De vrouw heeft in haar verweerschrift in eerste aanleg ook erkend dat mr. Kuijken zich heeft vergist maar stelt dat wel bewust is afgeweken van de wettelijke maatstaven. Het hof is echter van oordeel dat uit niets is gebleken dat partijen op de hoogte waren van de alimentatienormen en dat zij bewust van de wettelijke maatstaven zijn afgeweken. Binnen het aldus geschetste kader is de draagkracht van de man verdeeld en zijn er afspraken gemaakt, echter gebaseerd op onjuiste gegevens. De ruimte is zelf geoptimaliseerd door partijen maar het was niet de bewuste bedoeling van de man om door die optimalisatie meer te gaan betalen dan waar hij toe volgens de berekening gehouden was.

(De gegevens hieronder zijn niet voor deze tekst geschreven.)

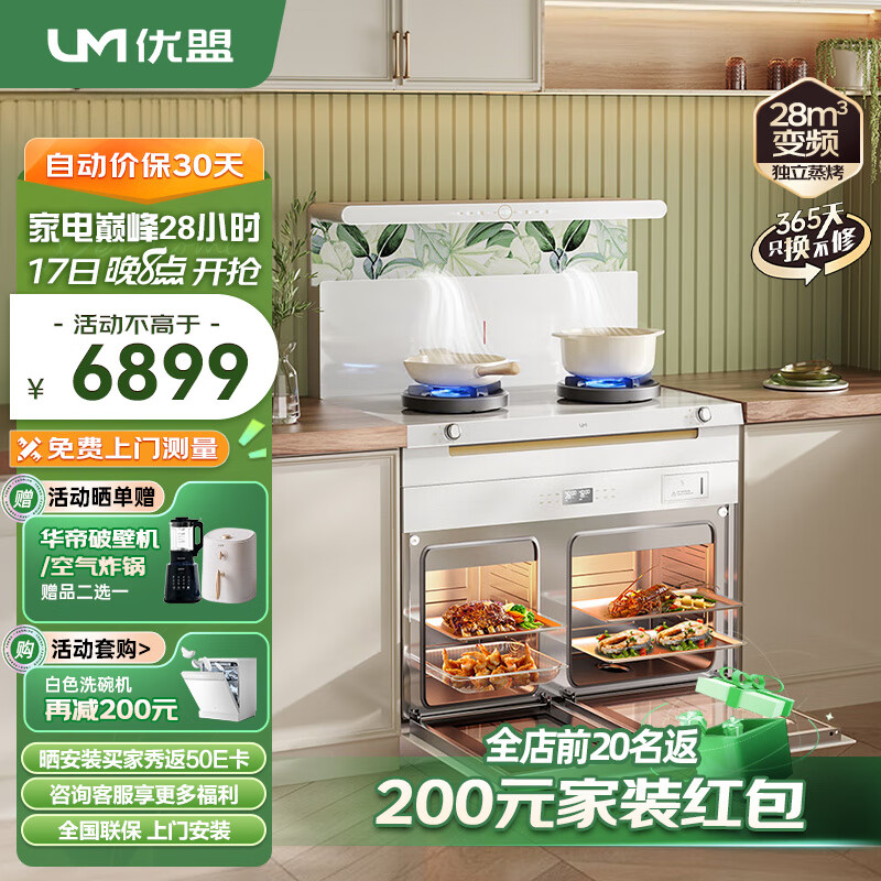 优盟(UM)集成灶蒸烤一体集成灶 独立蒸箱烤箱蒸烤箱一体机 家用大吸力侧吸下排油烟机环保灶自动清洗天然气价格:6999.00元!

Daarmee staat vast dat bij de totstandkoming van het convenant sprake is geweest van een grove miskenning van de wettelijke maatstaven waardoor sprake is van een wanverhouding.
5.4
De man heeft verzocht om herberekening van de partneralimentatie per 1 juli 2019, de ingangsdatum van de betalingsverplichting uit het convenant. De vrouw heeft in de procedure bij de rechtbank subsidiair betoogd dat herberekening op zijn vroegst kan per 14 november 2022, de datum waarop de man zijn verzoekschrift tot wijziging heeft ingediend. Het hof zal met ingang van 9 april 2020 opnieuw de draagkracht van de man vaststellen. In zijn eindbeschikking zal het hof vervolgens beslissen welke ingangsdatum zal hebben te gelden voor een eventueel gewijzigde onderhoudsverplichting.
5.5
In overeenstemming met wat partijen op de mondelinge behandeling is besproken zal het hof de vrouw in de gelegenheid stellen om met inachtneming van de beginselen van een goede procesorde op de laatste stukken en stellingen van de man (6 maart 2024 en 11 maart 2024) te reageren. Het hof zal daartoe een nieuwe mondelinge behandeling plannen waarbij partijen 14 dagen voor de zitting slechts nog stukken in het geding mogen brengen die niet redelijkerwijs voor de mondelinge behandeling van 21 maart 2024 in het geding konden worden gebracht, vergezeld van draagkrachtberekeningen van de man.
5.6
Iedere verdere beslissing wordt aangehouden.

6.De beslissing

Het hof, beschikkende in hoger beroep:
bepaalt dat het, bij de echtscheidingsbeschikking van 20 december 2019 behorende, echtscheidingsconvenant is aangegaan met grove miskenning van de wettelijke maatstaven, zodat de in het convenant overeengekomen bijdrage in de kosten van het levensonderhoud van de vrouw op grond van artikel 1: 401 lid 5 BW gewijzigd kan worden;
en
alvorens verder te beslissen:
bepaalt dat de behandeling van de zaak zal worden voortgezet op een nader te bepalen datum, waarvoor partijen zullen worden opgeroepen;
bepaalt dat partijen 14 dagen voor de nader te bepalen zitting slechts nog stukken in het geding mogen brengen die niet redelijkerwijs voor de mondelinge behandeling van 21 maart 2024 in het geding konden worden gebracht;
houdt iedere verdere beslissing aan.
Deze beschikking is gegeven door mrs. J.U.M. van der Werff, R. Feunekes en H. Phaff, bijgestaan door F.E. Knoppert als griffier, en is op 28 mei 2024 uitgesproken in het openbaar in tegenwoordigheid van de griffier.